[Activity]
Beginning with the line that includes "飛騨川沿いに位置するあさぎりサニーランド", return every remaining line of the material exactly as it reads, but not the pictures.

[Source material]
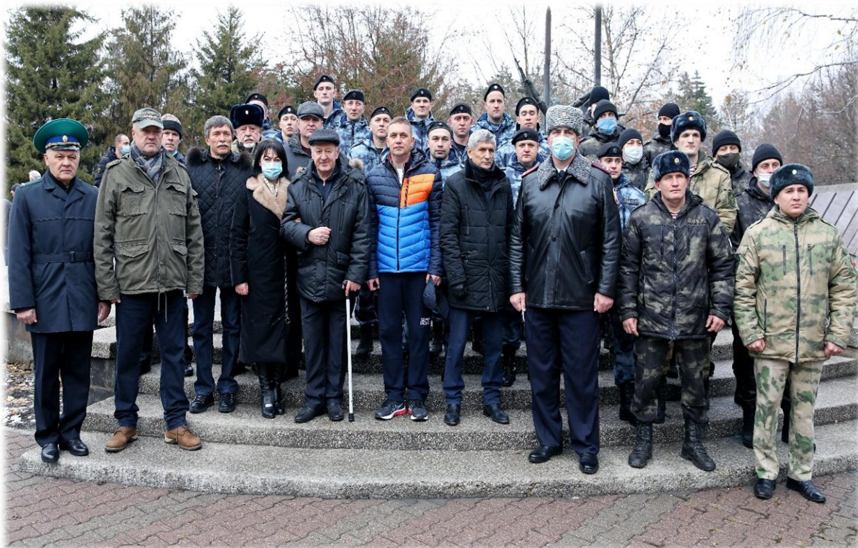
Возложение цветов в ставропольском сквере памяти земляков, погибших в боях при исполнении воинского долга
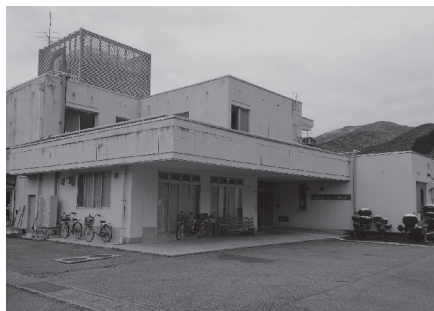
飛騨川沿いに位置するあさぎりサニーランド

A 現施設の場所については、安全性という面で大きな課題となっています。今ある場所で浸水があっても利用される方々に危険が及ばない形で建替えする方法や、全く他の安全な場所を求めて新築する方法など、幾つかの考え方がありますが、そういった根本的な対策は、今後の検討となります。
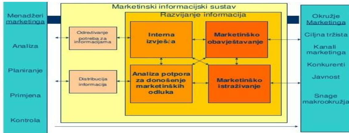
Slika broj 3. Marketinški informacijski sustav

[Answer below]
飛騨川沿いに位置するあさぎりサニーランド

A 現施設の場所については、安全性という面で大きな課題となっています。今ある場所で浸水があっても利用される方々に危険が及ばない形で建替えする方法や、全く他の安全な場所を求めて新築する方法など、幾つかの考え方がありますが、そういった根本的な対策は、今後の検討となります。
Slika broj 3. Marketinški informacijski sustav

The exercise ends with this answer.